Segment Start: RECORDS FOR THIS TASK

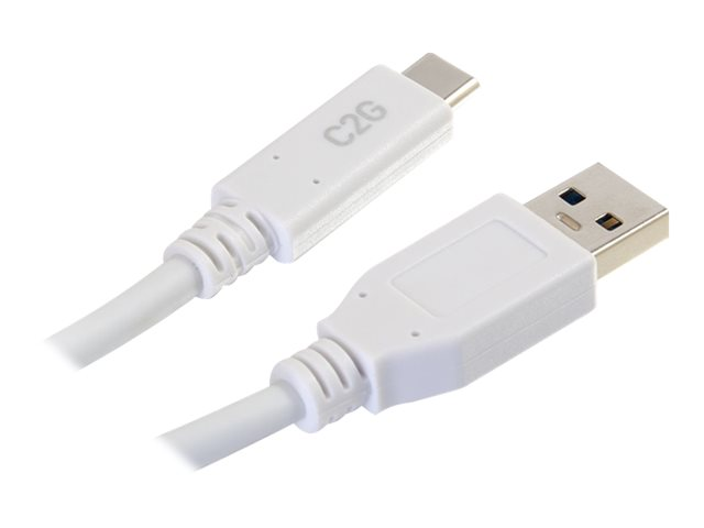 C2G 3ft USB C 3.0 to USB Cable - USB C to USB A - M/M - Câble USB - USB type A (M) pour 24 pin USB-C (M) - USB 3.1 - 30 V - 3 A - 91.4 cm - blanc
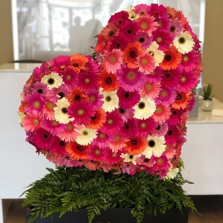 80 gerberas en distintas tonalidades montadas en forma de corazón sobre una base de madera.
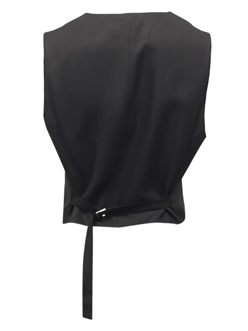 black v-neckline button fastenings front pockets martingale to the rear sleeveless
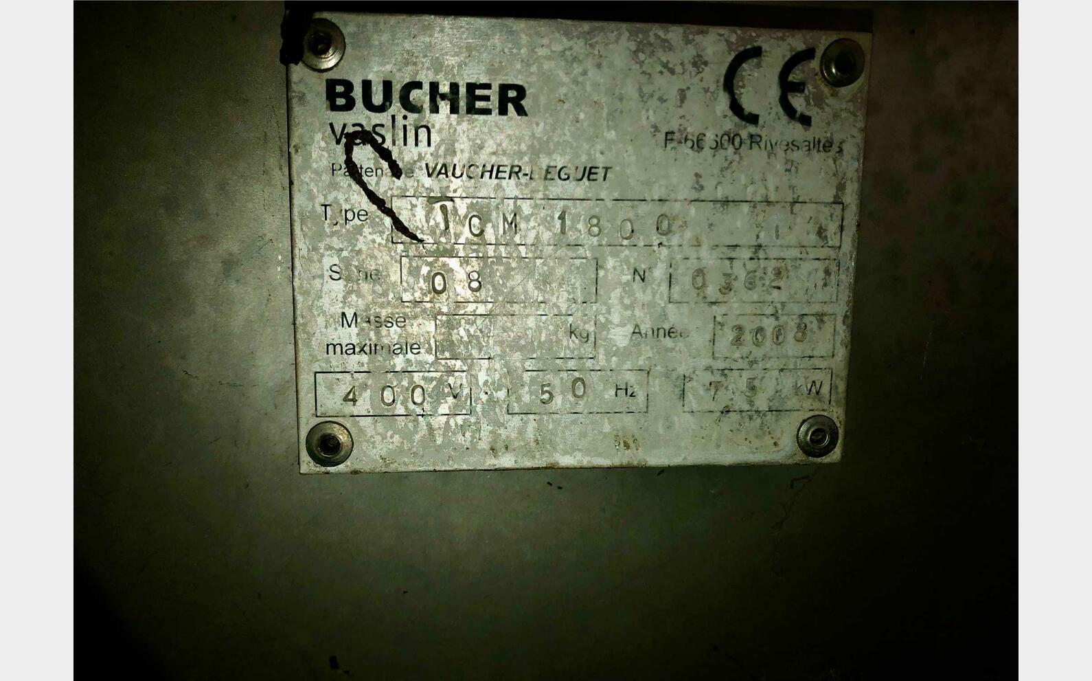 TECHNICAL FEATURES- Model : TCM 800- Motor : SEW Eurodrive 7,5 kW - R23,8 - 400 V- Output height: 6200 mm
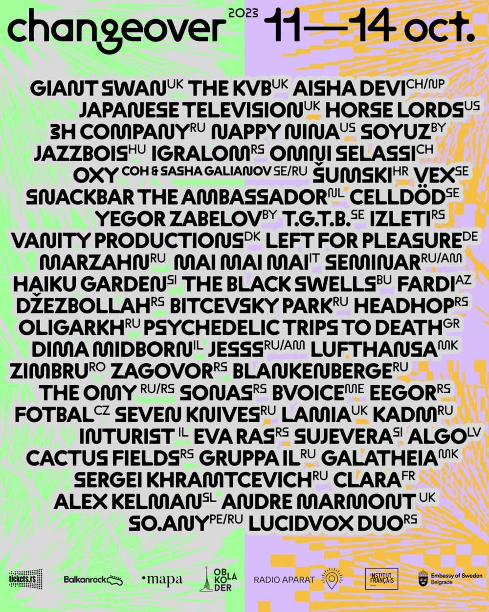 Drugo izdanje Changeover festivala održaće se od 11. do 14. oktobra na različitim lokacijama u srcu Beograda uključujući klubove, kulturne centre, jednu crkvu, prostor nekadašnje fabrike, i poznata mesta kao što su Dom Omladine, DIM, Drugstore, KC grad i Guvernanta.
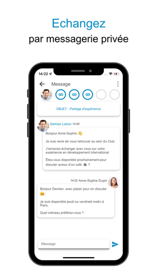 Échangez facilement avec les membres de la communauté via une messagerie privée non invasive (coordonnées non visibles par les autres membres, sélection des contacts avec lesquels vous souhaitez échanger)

Segment End: RECORDS FOR THIS TASK

* [TASK REQUIREMENTS]: The copy must include every record exactly and none of the pictures.

* [RESPONSE TO THE EXERCISE]:
 C2G 3ft USB C 3.0 to USB Cable - USB C to USB A - M/M - Câble USB - USB type A (M) pour 24 pin USB-C (M) - USB 3.1 - 30 V - 3 A - 91.4 cm - blanc
 80 gerberas en distintas tonalidades montadas en forma de corazón sobre una base de madera.
 black v-neckline button fastenings front pockets martingale to the rear sleeveless
 TECHNICAL FEATURES- Model : TCM 800- Motor : SEW Eurodrive 7,5 kW - R23,8 - 400 V- Output height: 6200 mm
 Drugo izdanje Changeover festivala održaće se od 11. do 14. oktobra na različitim lokacijama u srcu Beograda uključujući klubove, kulturne centre, jednu crkvu, prostor nekadašnje fabrike, i poznata mesta kao što su Dom Omladine, DIM, Drugstore, KC grad i Guvernanta.
 Échangez facilement avec les membres de la communauté via une messagerie privée non invasive (coordonnées non visibles par les autres membres, sélection des contacts avec lesquels vous souhaitez échanger)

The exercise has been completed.